The proof is similar to the classical proof of Goursat, but I don't really understand his geometric construction. Therefore, I hope to find someone who can help me work myself through the details.
He proves the statement by showing that the integral along any square contained in $D$ is zero (using Morera's Theorem) by contradiction, assuming that there is some square $A_1$ in $D$ of side $a$ such that \begin{align*} \left|\int_{A_1}f(z)dz\right|=m_1>0. \end{align*} Let $|f(z)|\leq M$ for all $z\in D$. Now he covers the set $E$ by a countable set $U$ of convex sets, such that \begin{align*} \sum_{B\in U}\text{diam } B<\frac{m_1}{64M}. \end{align*} Now he partitions $U$ into $U_1,U_2,U_3,\ldots,$ where $U_1$ contains all sets $B\in U$ with $\text{diam }B\geq a$, $U_2$ contains all sets $B\in U$ with $a/2\leq\text{diam }B<a$, $U_3$ contains all sets $B$ of $U$ with $a/4\leq\text{diam }B<a/2$ and so on.
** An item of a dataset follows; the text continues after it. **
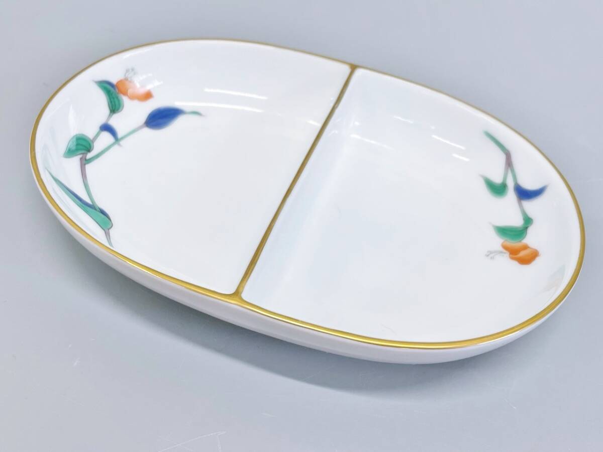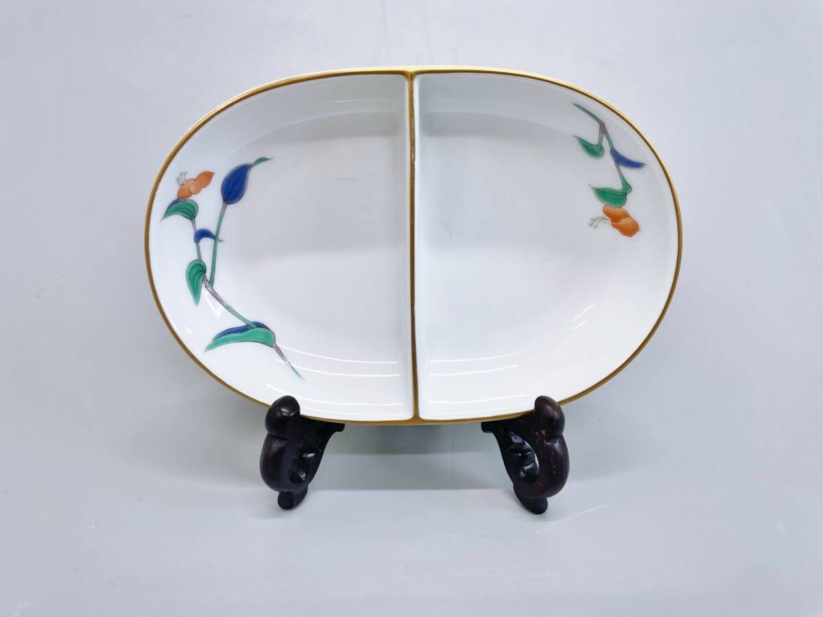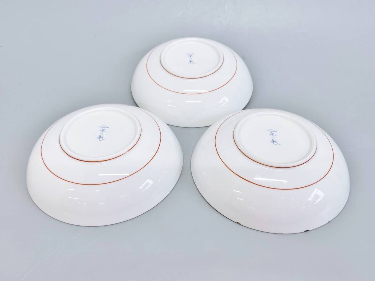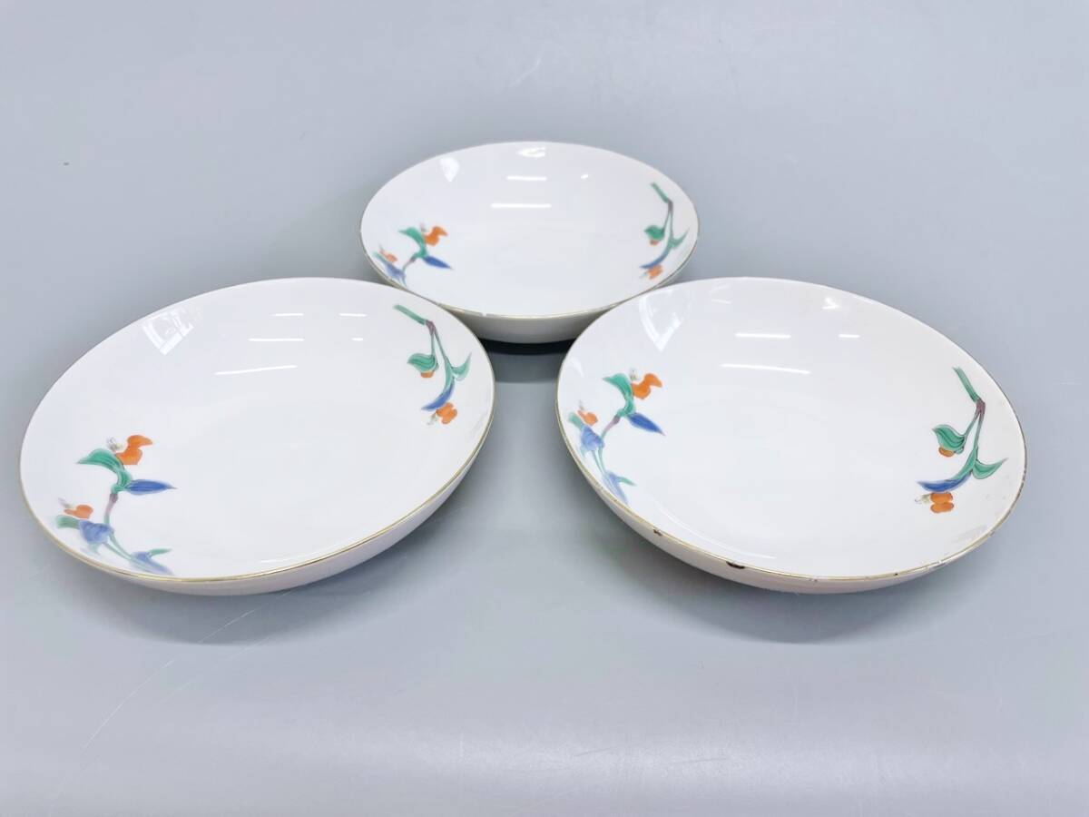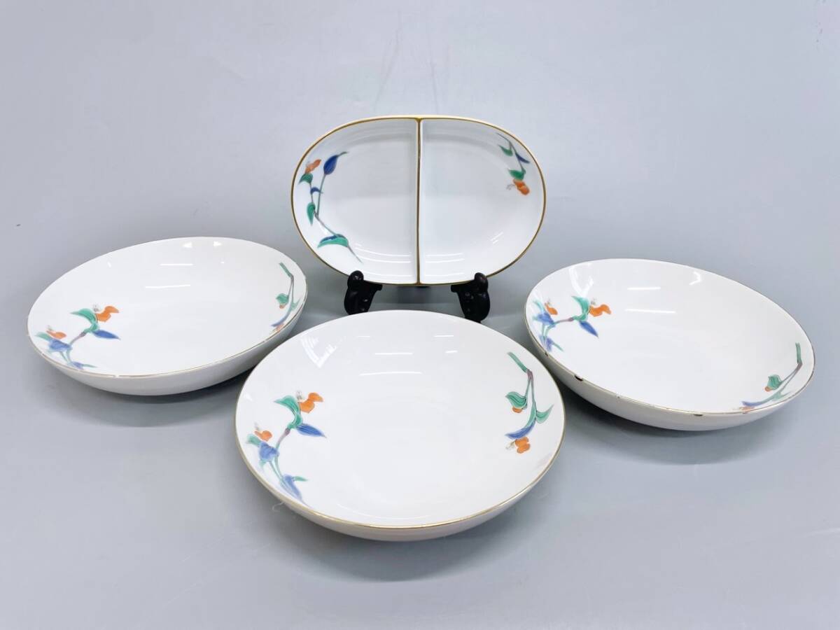 宮内庁御用達 深川製磁 色絵つゆ草文 金彩 深皿 3枚 仕切り皿 1枚 食器 有田焼 陶器

Now comes the part I cannot follow. This is what he writes.
We now divide $A_1$ into 4 equal squares $A_{11}, A_{12}, A_{13}, A_{14}$ by parallels to the sides of $A_1$. To each area of $U_1$ there corresponds the least rectangle containing it inside (in the strict sense) and formed by these parallels (how exactly are these rectangles contructed? I assume that for each set $B$ in $U_1$ he takes the smallest rectangle that contains $B$. Is this correct?) Obviously the perimeter of the rectangle corresponding to an area of diameter $d$ is less than or equal to $8d$ (why not $4d$?)
In the general case the rectangles $u_{11},u_{12}, u_{13}, ..., u_{1k}$ corresponding to the areas of $U$ are overlapping. In this case we form a system of non-overlapping figures $v_{11},v_{12},\ldots,v_{1k}$ in the following way. We take $v_{11}=u_{11}$. Further, $v_{12}$ is the part of $u_{12}$ which is outside $u_{11}$; $v_{13}$ is the part of $u_{13}$ which is outside $u_{11}$ and $u_{12}$, and so on. It is clear that the sum of the perimeters of the figures $v_{1i}$ is less than the double sum for the rectangles $u_{1i}$...
Ok, if my assumption of how the rectangles are constructed is correct, this last part is clear to me. Now he splits the integral along $A_1$ into two parts: \begin{align*} \int_{A_1}f(z)dz=\sum'\int_{A_{1i}}f(z)dz+\sum''\int_{A_{1j}}f(z)dz, \end{align*} where the first summation $\sum'$ is extended over those squares $A_{1i}$ which are outside all figures $v_{1i}$, and $\sum''$ over the other squares. Then he claimes \begin{align*} \sum''\int_{A_{1i}}f(z)dz=\sum\int_{v_{1i}}f(z)dz. \end{align*} why? What if some parts of the figures $v_{1i}$ are outside of $A_1$? Next, he claimes that \begin{align*} \left|\sum'\int_{A_{i1}}f(z)dz\right|\geq c \end{align*} for some $c>0$ (he actually sais what $c$ is, but that's not my point). Why can this sum not be empty?
He then continues giving estimates of these sums and repeats the process constructing subsquares $A_2,A_3,A_3,...$ of $A_1$ converging to some point $z\in A_1$. He then claimes that $z$ does not belong to any of the systems $U_1,U_2,...$. why? What if $E$ is countable and dense in $D$? If we cover each point of $E$ by a disk, then the complement of this covering with respect to $A_1$ is empty...
As you can see, I totally do not understand the main idea of this proof. Any help is highly appreciated. Please let me know if I shall add more details to the question. Personal contact to me (for talking or access to the article) is also easily possible. Thank you in advance!